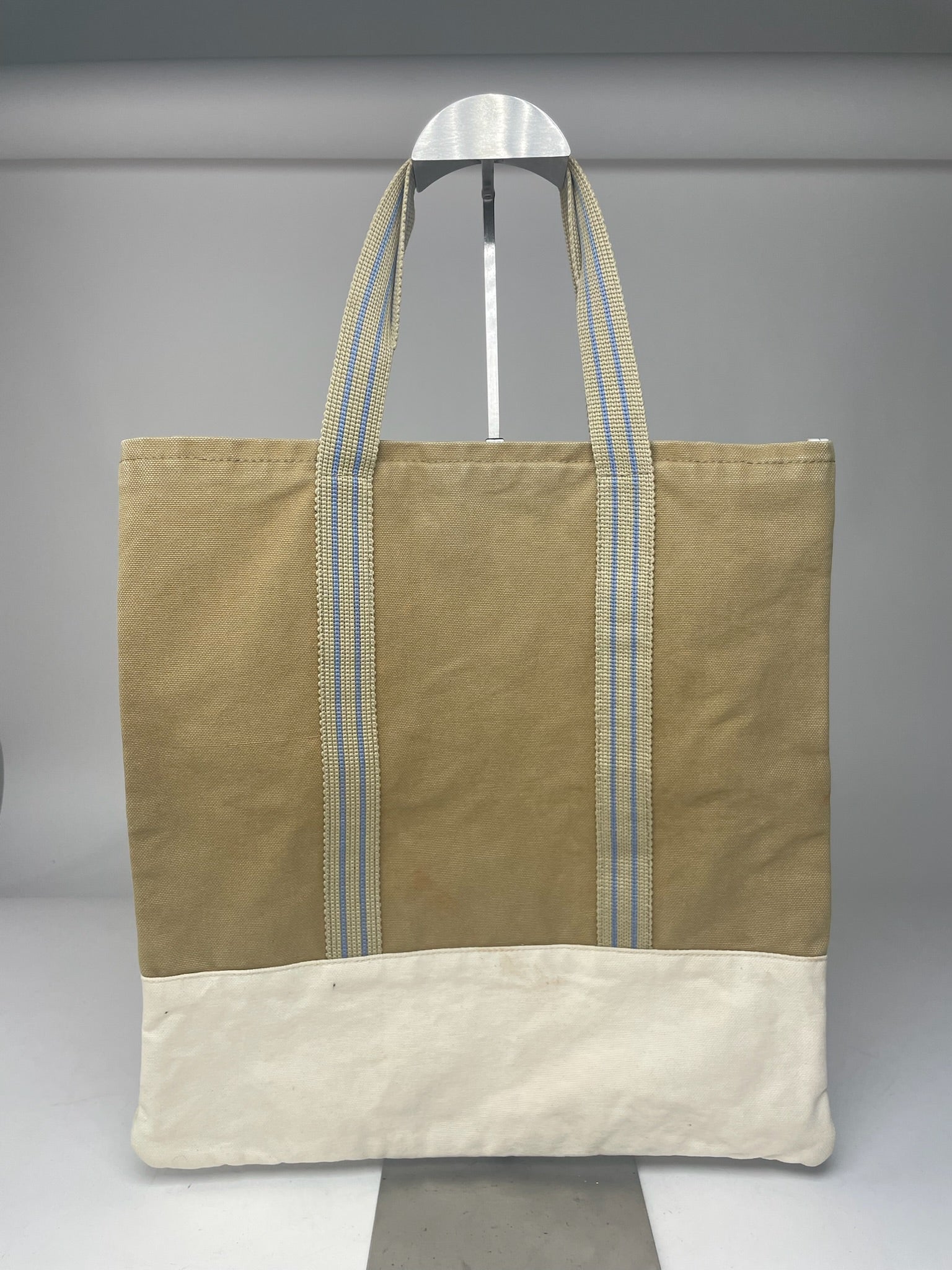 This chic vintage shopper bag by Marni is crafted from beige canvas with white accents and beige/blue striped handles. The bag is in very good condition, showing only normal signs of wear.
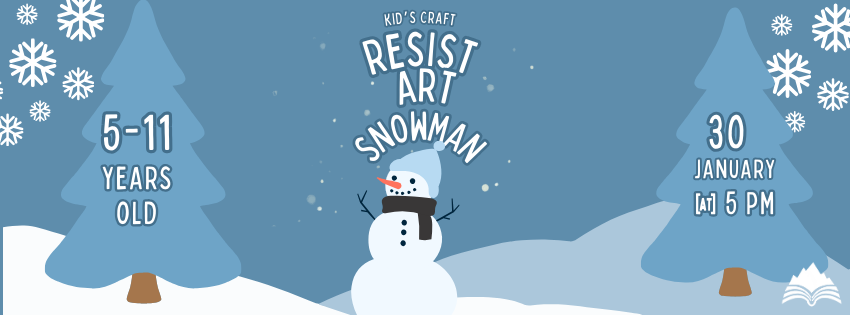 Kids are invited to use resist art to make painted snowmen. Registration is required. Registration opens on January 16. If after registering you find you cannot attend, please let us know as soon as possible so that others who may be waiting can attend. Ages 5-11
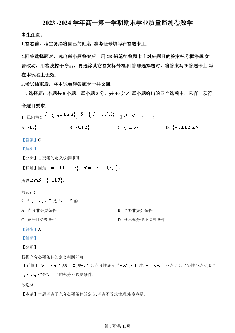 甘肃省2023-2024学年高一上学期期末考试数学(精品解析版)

• _Task instructions_
Set down all of the material word for word, minus its pictures.

• _Task response_
 This chic vintage shopper bag by Marni is crafted from beige canvas with white accents and beige/blue striped handles. The bag is in very good condition, showing only normal signs of wear.
 Kids are invited to use resist art to make painted snowmen. Registration is required. Registration opens on January 16. If after registering you find you cannot attend, please let us know as soon as possible so that others who may be waiting can attend. Ages 5-11
 甘肃省2023-2024学年高一上学期期末考试数学(精品解析版)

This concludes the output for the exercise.